▶ [PROVIDED DATA]:
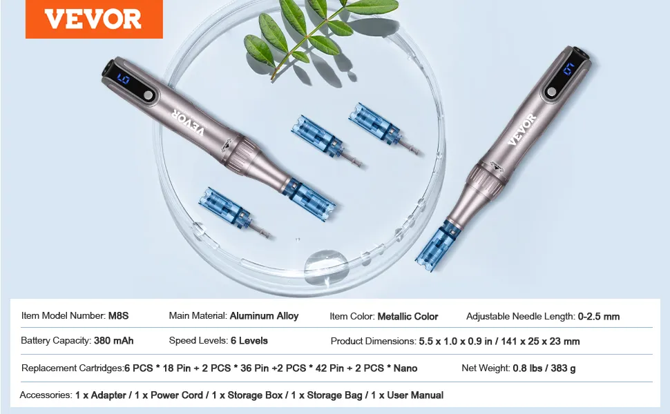 Enhance your skin’s health with VEVOR M8S microneedling pen, designed to boost product absorption, brighten complexion, lighten pores, and improve skin elasticity. Whether you're addressing dull skin or fine lines, this pen delivers noticeable improvements, leaving skin with a radiant glow.
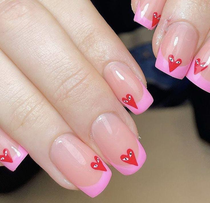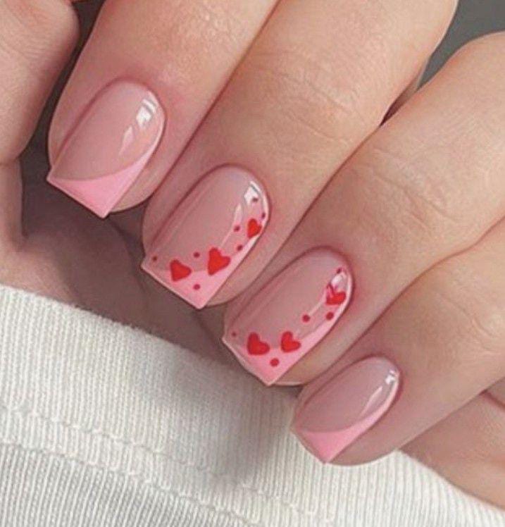 A pale pink French tip design is enhanced with tiny red hearts scattered delicately on a few nails. It feels sweet, simple, and perfect for a soft Valentine look.
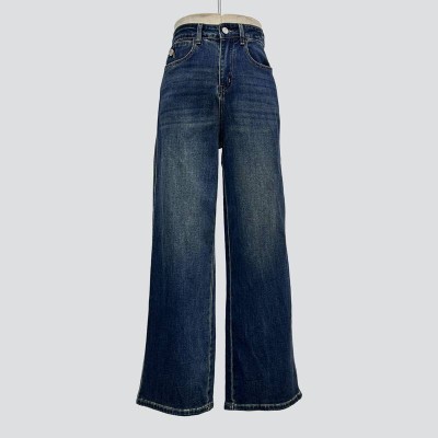 Vintage Blue High-Waisted Wide-Leg Jeans Loose Slim Straight Denim Trousers

▶ [BRIEF]:
Please write out, word for word, each line from the one with "A pale pink" to the last line of the data, keeping both ends and omitting pictures.

▶ [ANSWER SPACE]:
 A pale pink French tip design is enhanced with tiny red hearts scattered delicately on a few nails. It feels sweet, simple, and perfect for a soft Valentine look.
 Vintage Blue High-Waisted Wide-Leg Jeans Loose Slim Straight Denim Trousers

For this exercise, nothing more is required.